BRIEF
Exclude every picture. Output verbatim the lines from the one containing "யுத்த நிறுத்த உடன்படிக்கையின்" to the end of the data.

[RECORDS PROVIDED — start]

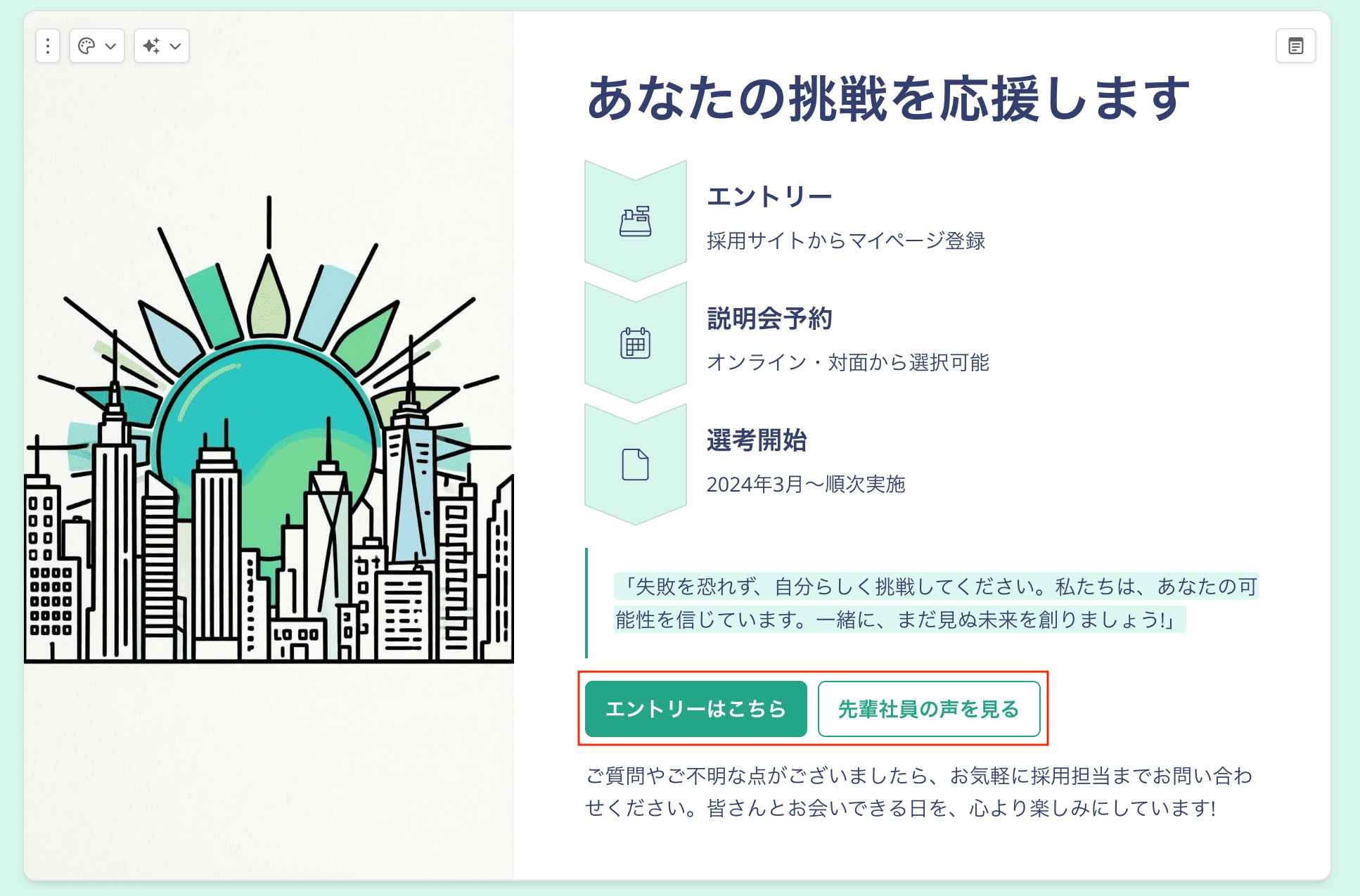 最下部に配置された「エントリーはこちら」「先輩社員の声を見る」といったボタンは、実運用ではリンクとして機能します。
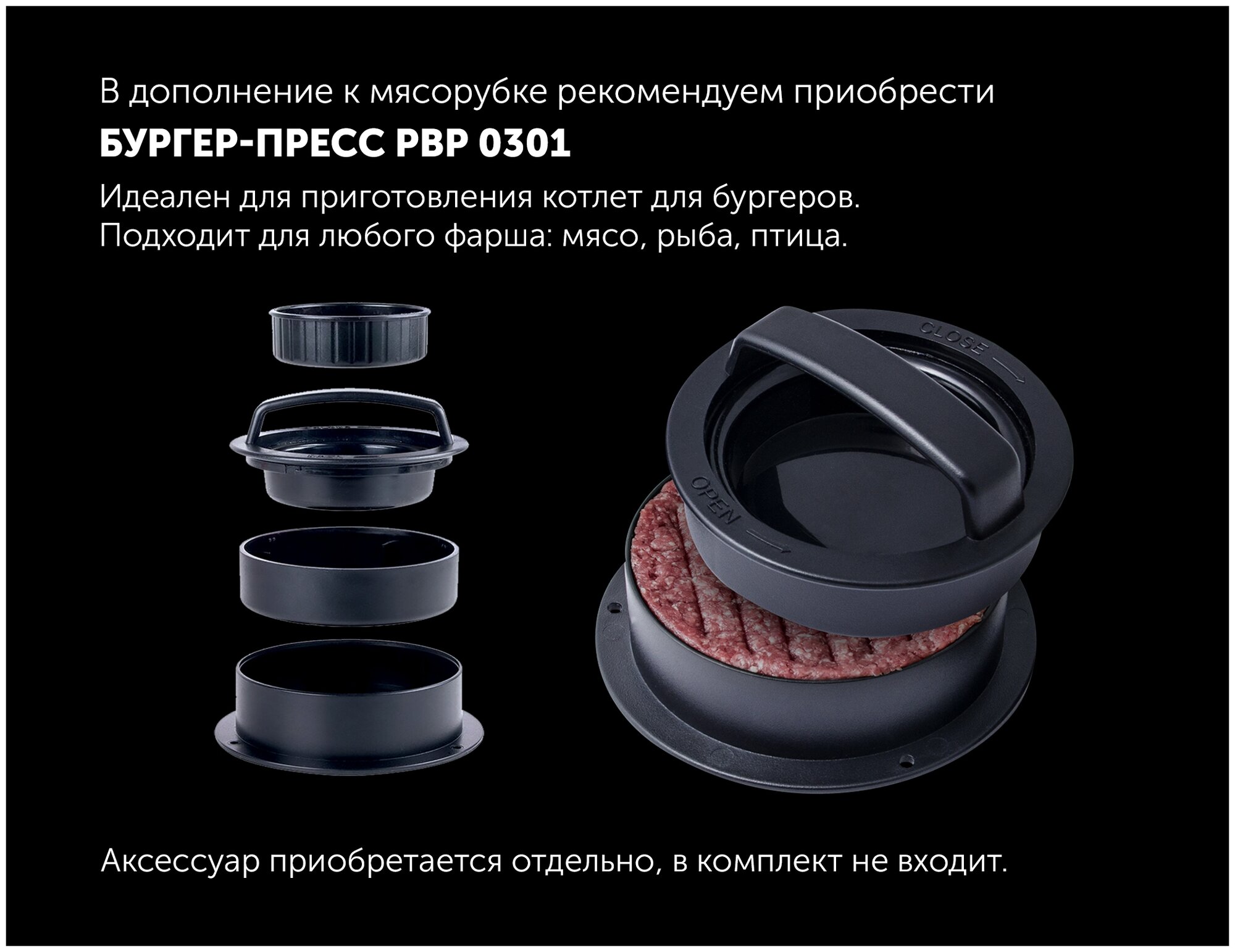 | Диск для фарша | 2 в комплекте, диаметр отверстий 5 мм, 7 мм |
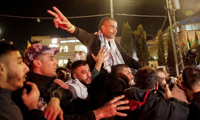யுத்த நிறுத்த உடன்படிக்கையின் ஒரு பகுதியாக இவர் விடுதலை செய்யப்பட்டுள்ள நிலையில் மேற்கு கரையில் பெருமளவானவர்கள் இவரை வரவேற்றனர்.
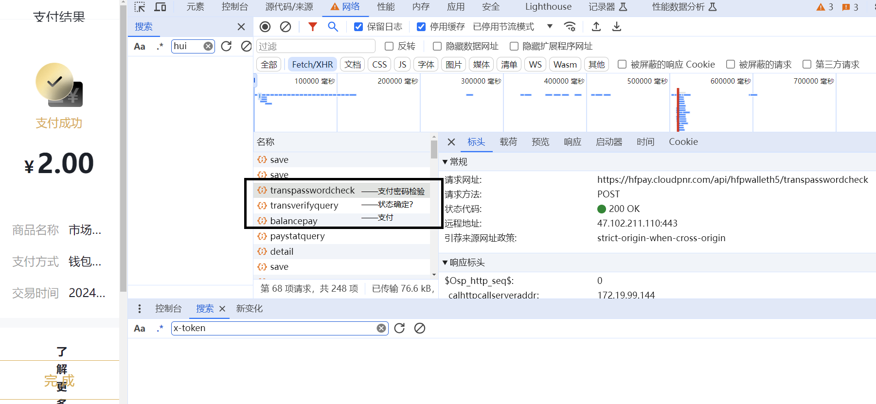在该步骤打上断点之后,再次手动进行支付,以支付密码检验请求为例
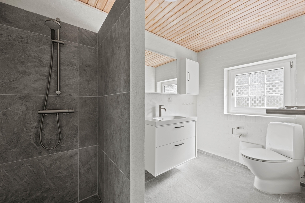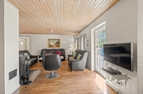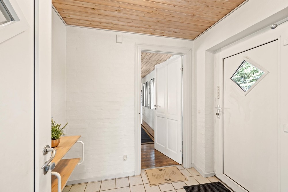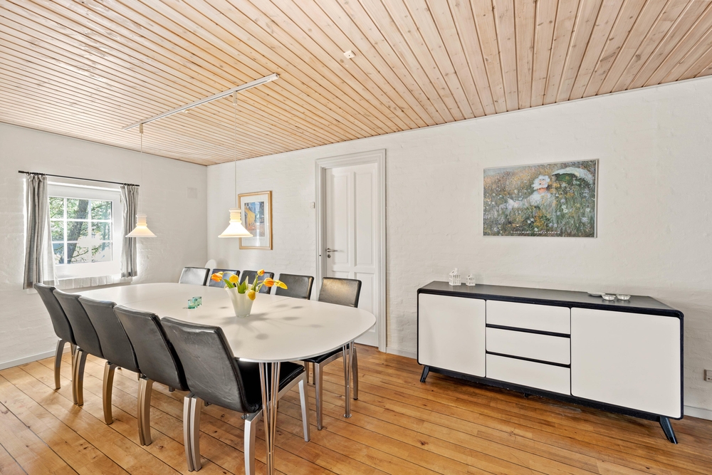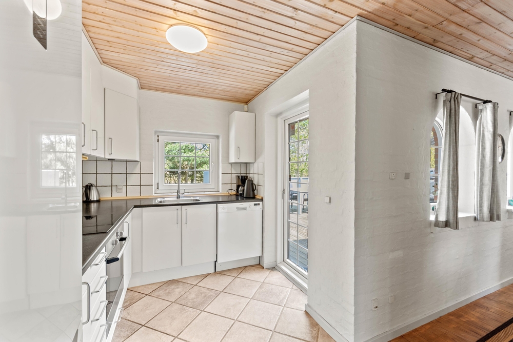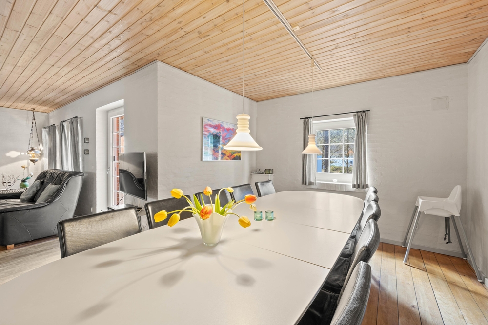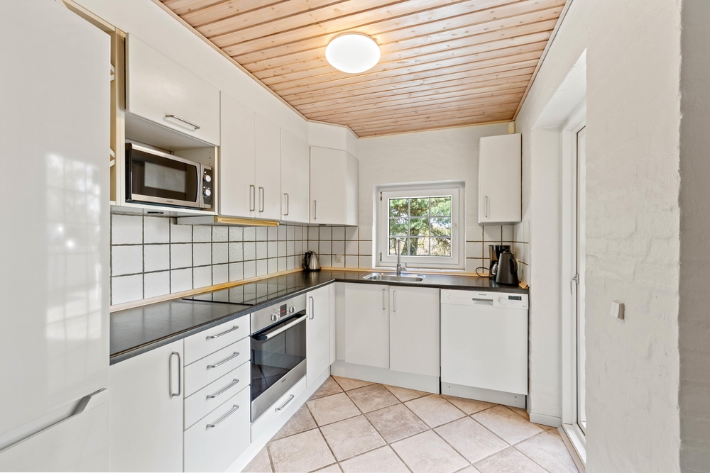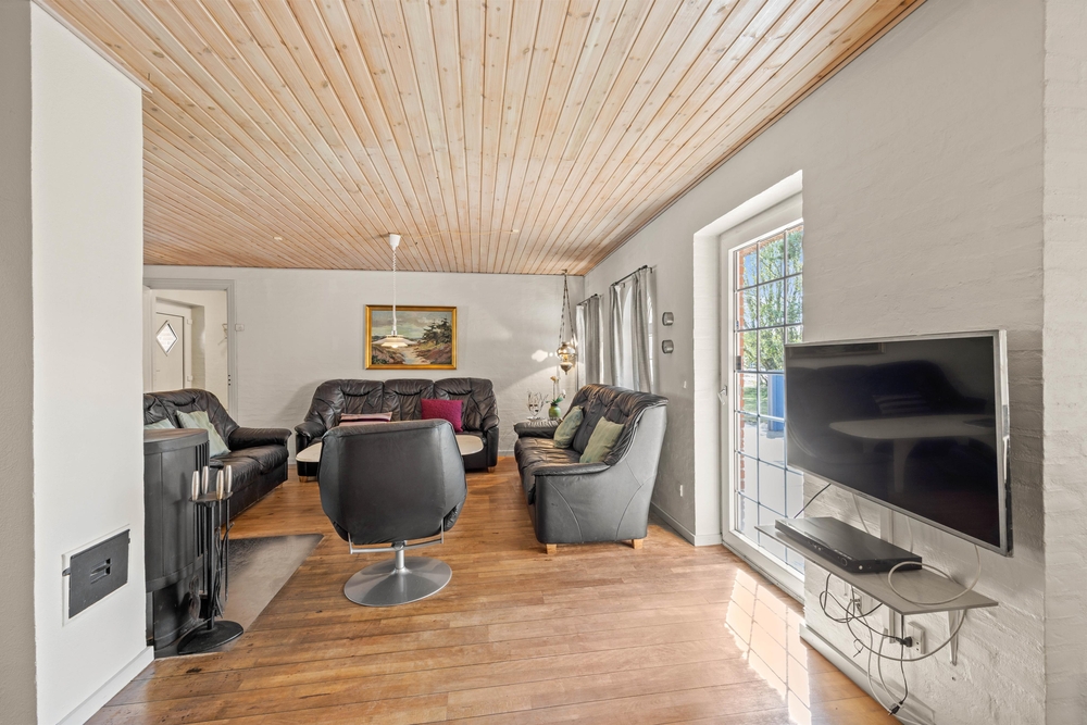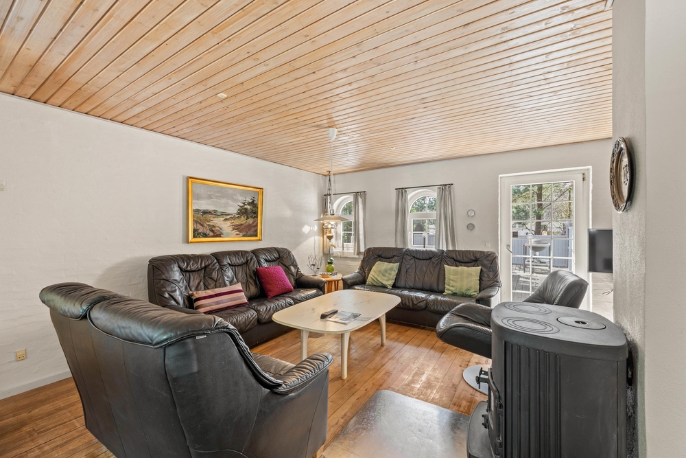 Dieses schöne Ferienhaus verfügt über einen klassischen, dänischen Einrichtungsstil. Im großzügigen Wohnbereich findet ihr bequeme Sofas, auf denen ihr abends gemeinsam Fernsehen gucken könnt, während im Kamin das Holz knistert. Dies sorgt für eine besonders hyggelige Atmosphäre. Zusätzlich steht euch die energiesparende Wärmepumpe zum Heizen zur Verfügung.

[RECORDS PROVIDED — finish]

SOLUTION
யுத்த நிறுத்த உடன்படிக்கையின் ஒரு பகுதியாக இவர் விடுதலை செய்யப்பட்டுள்ள நிலையில் மேற்கு கரையில் பெருமளவானவர்கள் இவரை வரவேற்றனர்.
在该步骤打上断点之后,再次手动进行支付,以支付密码检验请求为例
 Dieses schöne Ferienhaus verfügt über einen klassischen, dänischen Einrichtungsstil. Im großzügigen Wohnbereich findet ihr bequeme Sofas, auf denen ihr abends gemeinsam Fernsehen gucken könnt, während im Kamin das Holz knistert. Dies sorgt für eine besonders hyggelige Atmosphäre. Zusätzlich steht euch die energiesparende Wärmepumpe zum Heizen zur Verfügung.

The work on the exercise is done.